__SOURCE MATERIAL__:

________________________

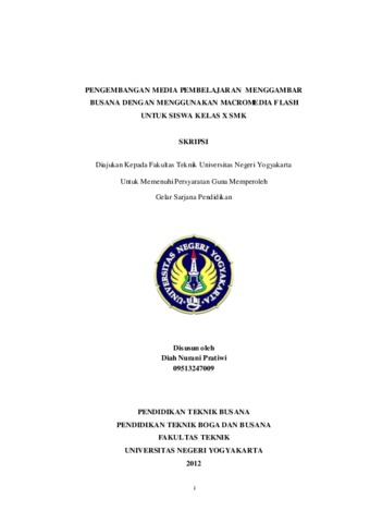 PENGEMBANGAN MEDIA PEMBELAJARAN MENGGAMBAR BUSANA DENGAN MENGGUNAKAN MACROMEDIA FLASH UNTUK SISWA KELAS X SMK Oleh DIAH NURANI PRATIWI 09513247009 ABSTRAK Penelitian ini bertujuan untuk: 1) mengetahui prosedur pengembangan media pembelajaran menggambar busana yang siap diimplementasikan; 2) mengetahui kelayakan penggunaan media pembelajaran menggambar busana sebagai media pembelajaran dikelas; 3) mengetahui respon siswa setelah menggunakan media pembelajaran menggambar busana melalui hasil uji coba. Penelitian ini merupakan penelitian Research and Development (R&D) dengan prosedur penyusunan yang mengadaptasi model Borg and Gall dan William W. Lee & Diana L. Owen. Tahapan-tahapan dari penelitian ini meliputi tahap analisis kebutuhan, tahap perencanaan, tahap pengembangan, tahap uji coba lapangan dan diseminasi terbatas. Penelitian ini melibatkan 1 ahli materi, 1 ahli media, 5 guru SMK Tata Busana, dan 33 siswa SMK Negeri 1 Pringapus. Instrumen yang digunakan dalam penelitian ini berupa angket. Teknik analisis data yang dilakukan adalah analisis deskriptif data berupa uraian saran dari para ahli serta data hasil penilaian yang kemudian diubah menjadi nilai skor dengan skala Likert. Hasil penelitian ini mengungkap bahwa 1) prosedur pengembangan media pembelajaran menggambar busana menggunakan 5 tahap pengembangan; 2) media pembelajaran ini layak untuk digunakan dalam pembelajaran menggambar busana dengan kriteria sangat baik ditinjau dari aspek pembelajaran, kebenaran isi, tampilan pemrograman, penyajian materi dan karakter. Hasil peninjauan dan penilaian dari ahli media (skor 4,201), ahli materi (skor 4,6), guru (skor 4,360); 3) pendapat peserta didik tentang media pembelajaran menggambar busana menunjukkan bahwa pada kriteria baik dengan rerata skor 4,07. Kata kunci: Pengembangan, Media pembelajaran, Menggambar Busana
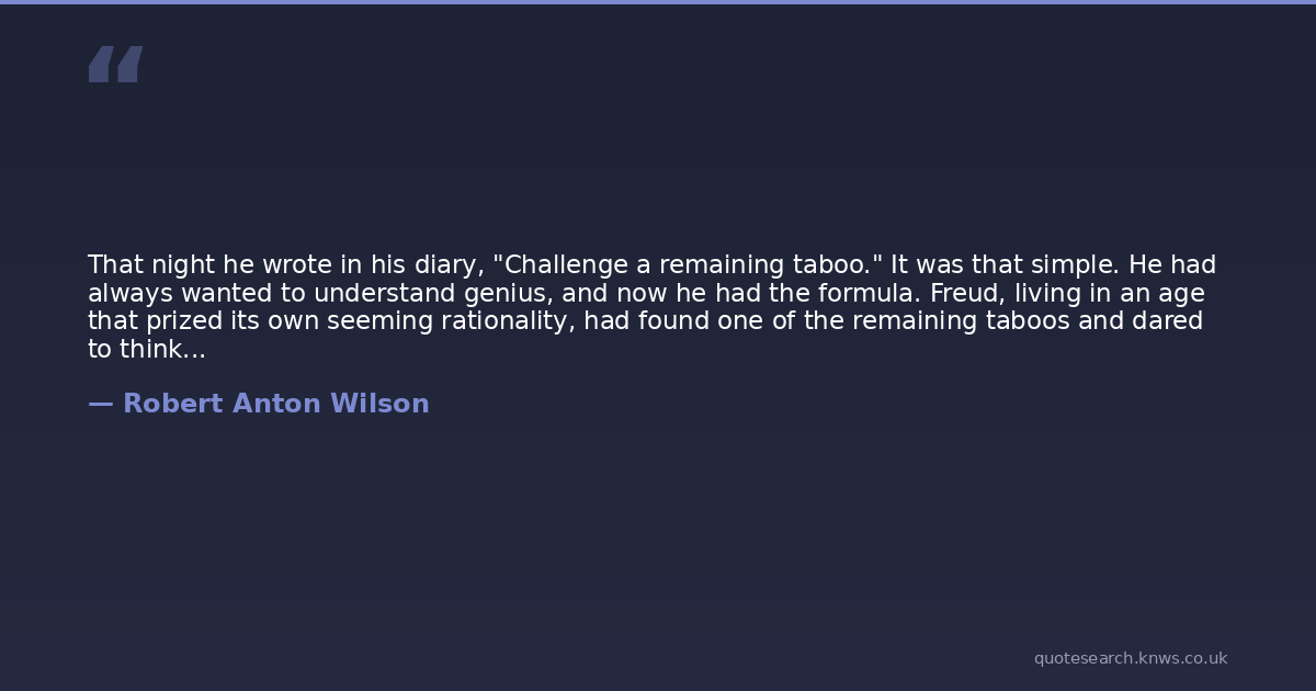 That night he wrote in his diary, "Challenge a remaining taboo." It was that simple. He had always wanted to understand genius, and now he had the formula. Freud, living in an age that prized its own seeming rationality, had found one of the remaining taboos and dared to think beyond it: he discovered infant sexuality and the unconscious, among other things. Galileo had gone beyond the taboo "Thou shalt not question Aristotle." Every great discovery had been the breaking of a taboo.
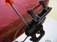 Once the tongue is removed, you'll see another set of rubber washers between the tongue and support. You can now remove the screw holding the support to the glass. Once this is out you can remove the two pieces of the support from either side of the glass.

________________________

__GOAL OF THE EXERCISE__: Omit the pictures. Repeat the rest of the data exactly.

__ANSWER AREA__:
 PENGEMBANGAN MEDIA PEMBELAJARAN MENGGAMBAR BUSANA DENGAN MENGGUNAKAN MACROMEDIA FLASH UNTUK SISWA KELAS X SMK Oleh DIAH NURANI PRATIWI 09513247009 ABSTRAK Penelitian ini bertujuan untuk: 1) mengetahui prosedur pengembangan media pembelajaran menggambar busana yang siap diimplementasikan; 2) mengetahui kelayakan penggunaan media pembelajaran menggambar busana sebagai media pembelajaran dikelas; 3) mengetahui respon siswa setelah menggunakan media pembelajaran menggambar busana melalui hasil uji coba. Penelitian ini merupakan penelitian Research and Development (R&D) dengan prosedur penyusunan yang mengadaptasi model Borg and Gall dan William W. Lee & Diana L. Owen. Tahapan-tahapan dari penelitian ini meliputi tahap analisis kebutuhan, tahap perencanaan, tahap pengembangan, tahap uji coba lapangan dan diseminasi terbatas. Penelitian ini melibatkan 1 ahli materi, 1 ahli media, 5 guru SMK Tata Busana, dan 33 siswa SMK Negeri 1 Pringapus. Instrumen yang digunakan dalam penelitian ini berupa angket. Teknik analisis data yang dilakukan adalah analisis deskriptif data berupa uraian saran dari para ahli serta data hasil penilaian yang kemudian diubah menjadi nilai skor dengan skala Likert. Hasil penelitian ini mengungkap bahwa 1) prosedur pengembangan media pembelajaran menggambar busana menggunakan 5 tahap pengembangan; 2) media pembelajaran ini layak untuk digunakan dalam pembelajaran menggambar busana dengan kriteria sangat baik ditinjau dari aspek pembelajaran, kebenaran isi, tampilan pemrograman, penyajian materi dan karakter. Hasil peninjauan dan penilaian dari ahli media (skor 4,201), ahli materi (skor 4,6), guru (skor 4,360); 3) pendapat peserta didik tentang media pembelajaran menggambar busana menunjukkan bahwa pada kriteria baik dengan rerata skor 4,07. Kata kunci: Pengembangan, Media pembelajaran, Menggambar Busana
 That night he wrote in his diary, "Challenge a remaining taboo." It was that simple. He had always wanted to understand genius, and now he had the formula. Freud, living in an age that prized its own seeming rationality, had found one of the remaining taboos and dared to think beyond it: he discovered infant sexuality and the unconscious, among other things. Galileo had gone beyond the taboo "Thou shalt not question Aristotle." Every great discovery had been the breaking of a taboo.
 Once the tongue is removed, you'll see another set of rubber washers between the tongue and support. You can now remove the screw holding the support to the glass. Once this is out you can remove the two pieces of the support from either side of the glass.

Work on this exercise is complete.